A medieval adage was, "will the end, will the means", meaning that if you want gas, you
agree to refineries...big navy, foreign oil wars, invading Afgan, Iraq and Iran, controlling
the middle east. And oil spills, pollution from tankers and diesel trucks hauling oil, oil
droplets on the road, oil money altering politics, oil subsidies. And refinery flaring, water
use, electric consumption, and coke-pile pollution. Auto oil changes, auto tune-up and
engine repair industries, needed for running oil-burning cars.

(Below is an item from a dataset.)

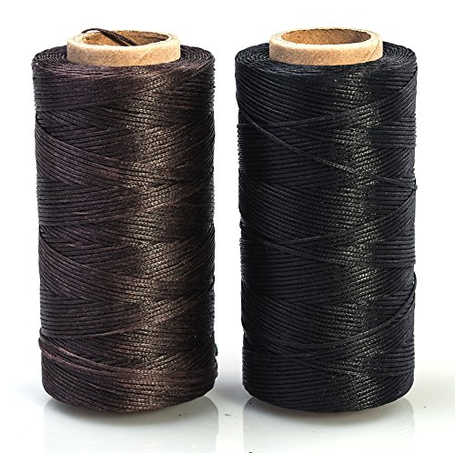 Annic 2pcs 0.8mm Waxed Thread for Leather Sewing Leathercraft Tool Stitching Cord 284yd Black and Brown
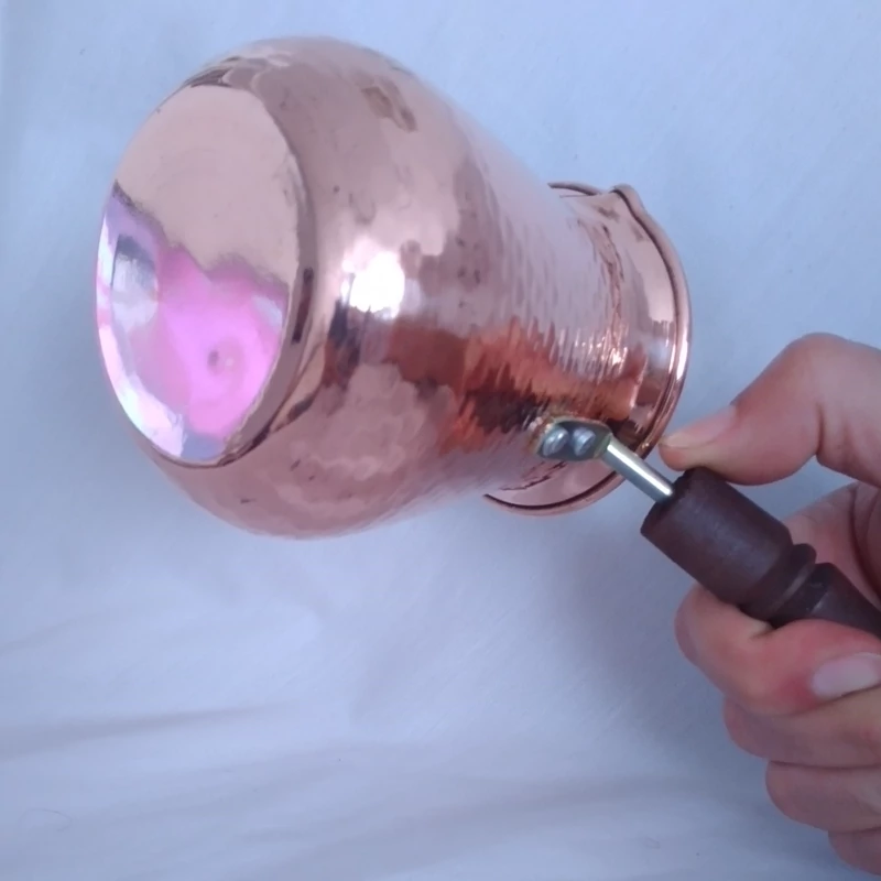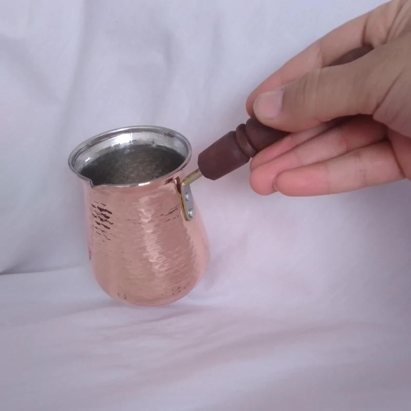 شیر جوش یا قهوه جوش مسی دسته چوبی متوسط ارتفاع 10قطر 7 چکشی داخل قلع شده 🌹🌹خرید بدون واسطه از تولیدی مس رز در زنجان🌹🌹

Oh, and auto exhaust, which contains "SOx and NOx", which don't sound too bad, not as
bad as what they really are, sulfurous and nitrous acids, which, in the presence of sunlight
and Ozone, are oxidized into nitric and sulfuric acid. And Carbon Monoxide, each
molecule of which complexes with hemoglobin in the blood, destroying one red blood
cell's ability to carry Oxygen, killing the body from the inside, as tissues are starved for
Oxygen, particularly during strenuous exercise. And some of the additives put in
gasoline, which come right out -- benzene, toluene, volatile organic chemicals which are
needed for higher octane ratings - which make a petro-car drive a little less roughly. All
these chemicals are released all around those who live in cities, like as if a bazillion heavy
cigg and cigar butt-suckers were hacking away all around you, day and night, befouling
the air you had to breathe.

Well might one wonder why the papers don't seem to be able to go there. What passes for "energy policy" seems to be written by Dick Cheney. Drill more, and tax less. What you'd expect from a warrior who ducked military service, and a hunter who shoots clipped quail on a quail farm, but hits a fellow "hunter".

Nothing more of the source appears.